Using Buffer Security Checks to your advantage.
How I patched ACPI.sys's GsDriverEntry to redirect control flow to HxPosed driver.
HxPosed needs to be loaded.
So the problem was simple. HxPosed, being an unsigned driver, has to be loaded. It’s easy. Just fire up WinDbg and a VM. Yeah? Yeah. But not for average guy who wants to enjoy HxPosed.
So I made HxLoader. It maps and runs HxPosed by patching Windows’s boot. And how I did that?
UEFI Bootkits for Windows. A summary.
WARNING: In no way do I, the author and coder, condone any tendency to harm a computer, person or entity. This blog and all my work are for educational purposes only. I am not responsible for any damage caused by any misuse of my content or work.
It’s a de facto standard how bootkits for Windows work nowadays.
- Load Bootmgfw to memory.
- Hook
ImgArchStartBootApplication. - On
ImgArchStartBootApplication, Get base address and size of Winload. - Hook
OslFwpKernelSetupPhase1andBlImgAllocateImageBuffer. - On
BlImgAllocateImageBuffer, allocate a buffer for the driver to be mapped. - On
OslFwpKernelSetupPhase1, Map the driver and patch a driver that is in_LOADER_PARAMETER_BLOCK, redirect the execution flow.
Then, what is so interesting in my case, you might ask. That is because I have done it in rust and in a way abusing Gs for its exact opposite purpose.
/GS flag. Buffer Security Check.
Microsoft describes the purpose of this flag very well on MSDN. Here take a look.
In short, this feature creates a new entry point for the application. (GsXxxxx). Where it places a stack security cookie. Most functions have a piece of code inserted on them that checks for this cookie. If the cookie is gone, or overwritten the application assumes its execution has been hijacked and terminates itself.
That is whatt all those __security_init_cookie things you see are for.
It looks like this on IDA.
And a function that performs stack security check.
But in my case, its used as a “buffer” between HxPosed and the real ACPI.sys entry point.
My first thought was patching this function like I did with any other using the Detour structure in HxLoader. But when the OS exits UEFI boot services, it will be dangerous trying to access the global variables of HxLoader from HxPosed. So that was a no.

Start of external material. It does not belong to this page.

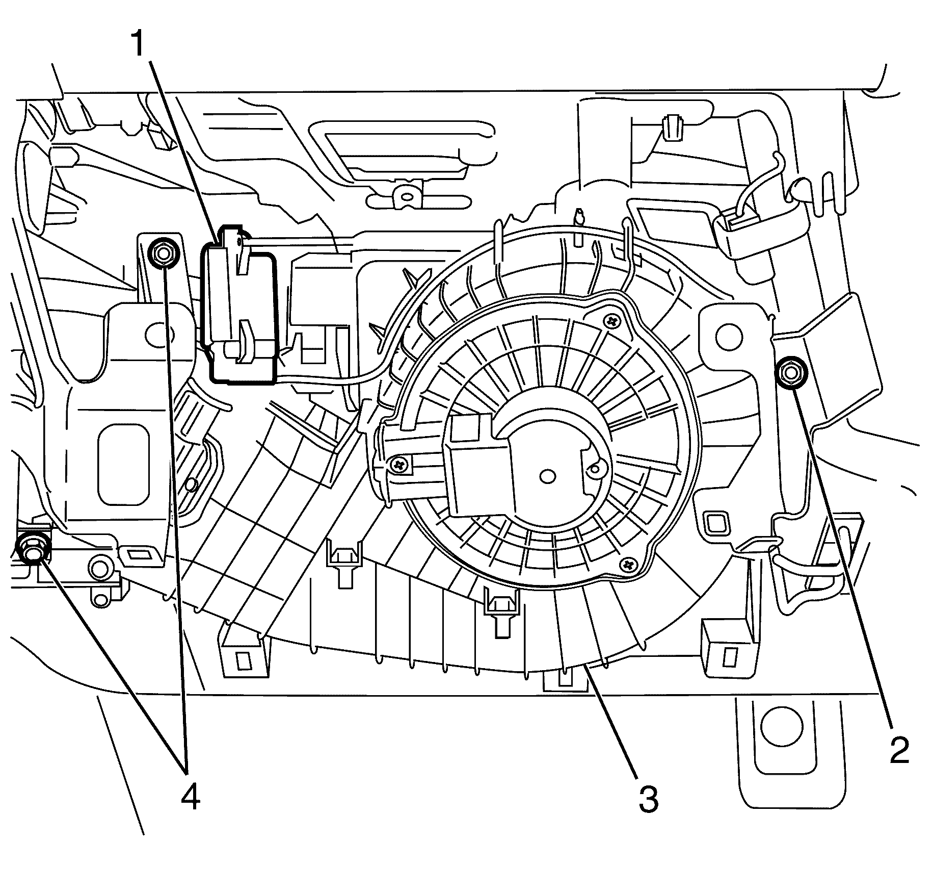 - Remove the HVAC support brace (1) from the HVAC module assembly (4).

I did something else instead, “What if I use GsDriverEntry to call the real driver entry?” and that worked. But with some caveats which I had to deal with.
GsDriverEntry stack is NOT aligned.
My first prototype was this:
mov rax, <addr>
call rax
ret
But then I saw a weird behavior. Suddenly, to_unicode_string was giving me access violations. KeSetUserAffinityThread and so on do too. Not even bugchecks. Just straight out access violations that are catched by WinDbg. I was like “okay, maybe its because they are not meant to be used at boot-time”. But the problem was way more deep than that.

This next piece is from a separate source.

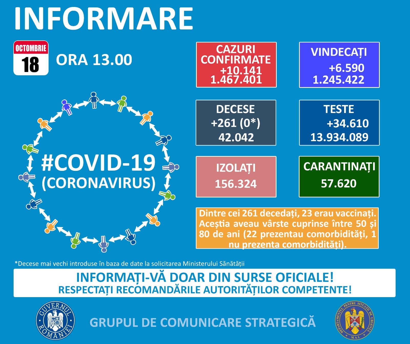 COVID. În ultimele 24 de ore au fost înregistrate 10.141 de cazuri noi de persoane infectate cu SARS – CoV – 2 (COVID – 19), dintre care 145 sunt ale unor pacienți reinfectați, testați pozitiv la o perioadă mai mare de 180 de zile după prima infectare. S-au efectuat 11.427 de teste RT-PCR (6.905 în … Continue reading Covid național: Peste 1.750 de persoane la ATI, dintre care 41 sunt copii
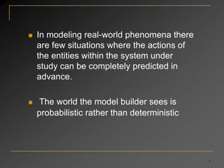 This document defines and explains key probability concepts such as the cumulative distribution function (CDF), expectation, mean, variance, and properties of the CDF. The CDF measures the probability that a random variable X assumes a value less than or equal to x. Expectation, also called the mean or first moment, is the expected value of a random variable X. Variance is a measure of how spread out the possible values of a random variable are around the mean.

I analyzed the problem. My first assumption is that anything that touched SIMD registers crashed. Which they were. All of those functions I aforementioned crashed while working on XMM registers. “How is that even possible” I thought to myself. I kinda blurry remembered something in CR registers that enabled SIMD instructions. But that didn’t seem like the cause.
I continued to analyze the problem. Then, looked at the assembly code which caused the crash:
The line just before movaps (Move Aligned Packed Single Precision Floating-Point Values), that uses movups (Move Unaligned Packed Single Precision Floating-Point Values) worked. Immediately thought of alignment. I took the stack register, and looked it on calculator. Last 4 bits were not 0.
Gotcha.
So I had to manually align the stack. But this is a dangerous operation. My first idea was like this:
sub rsp, 0x100
and rsp, 0xFFFFFFFF0
call aligned_driver_entry
; uh?
That uh explains everything. After changing the RSP, how do you get it back? You don’t. We don’t have an idea what could the RSP be now. And the registers we want to put it into are volatile or non-volatile. Both cases we are not allowed to use. So this wouldn’t work.

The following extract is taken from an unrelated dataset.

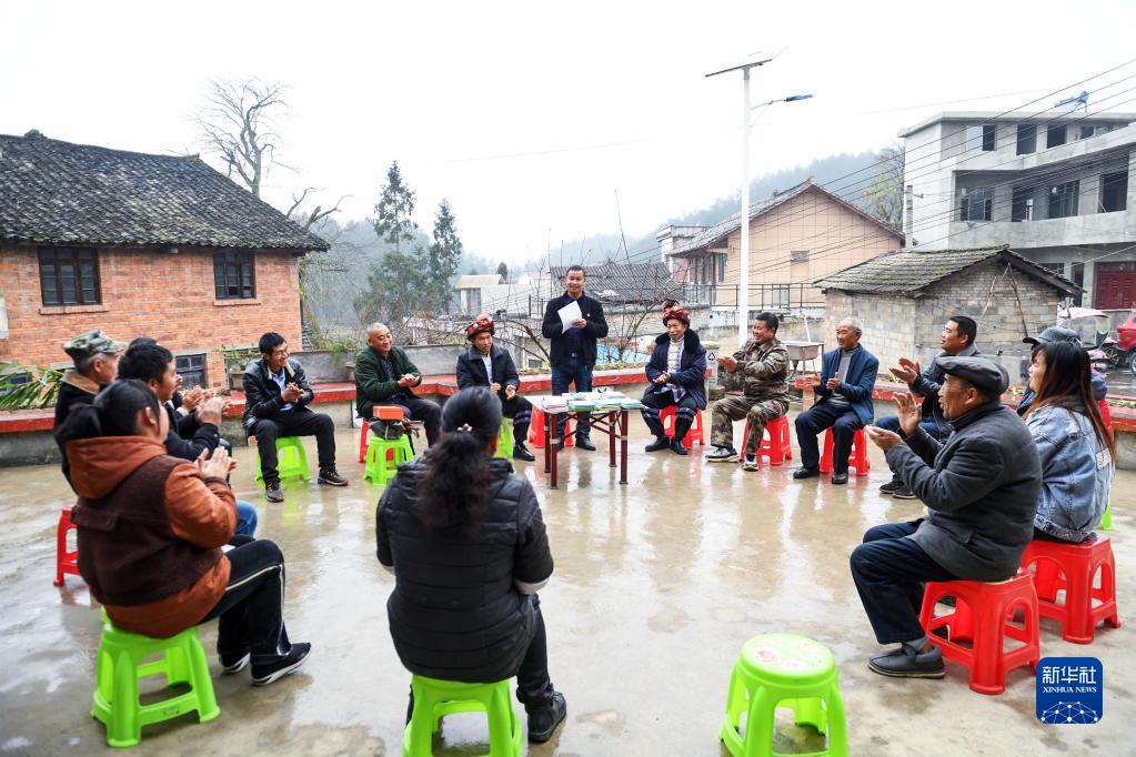 在龍里縣冠山街道高坪村,村民討論管水模式實施情況(2020年12月6日攝)。

I looked at it. Subtracting just 8 from RSP gave us a perfectly aligned value. So we can do that. The GsDriverEntry itself does it with 0x20. Why not 8?
Then I realized I can use the GsDriverEntry to do that. Which I did.
mov rax, <addr>
sub rsp, 8
call rax
add rsp, 8
ret
ACPI is useful, you know.
I was about to pat myself on the back and call it a day. I just pressed “g” on WinDbg and prayed it would work. It did. Windows was booting!
It was booting… Come on… boot… Crash.
We forgot something very important. We weren’t calling the real driver entry!
So did a quick patch….
mov rax, <addr>
sub rsp, 8
call rax
nop
nop
nop
nop
call 0x160 ; call from GsDriverEntry -> DriverEntry
add rsp, 8
ret
And it crasheed… again? Do you see the problem here?
We are trashing RCX and RDX when we call our own driver entry. And its foolish to think they are preserved, (they are not).
SO at the last, this was what I did.
So did a quick patch….
mov rax, <addr>
sub rsp, 8
push rcx
push rdx
call rax
pop rdx
pop rcx
call 0x160 ; call from GsDriverEntry -> DriverEntry
add rsp, 8
ret
Thanks GsDriverEntry for its beautiful buffer area to place our hook into. Without that, we would had to save those bytes somewhere, restore them later and all of that bullshit.
Benefits
- No restoration
- No prologue/epilogue for the detour
So 2 birds at one.
Thanks for reading!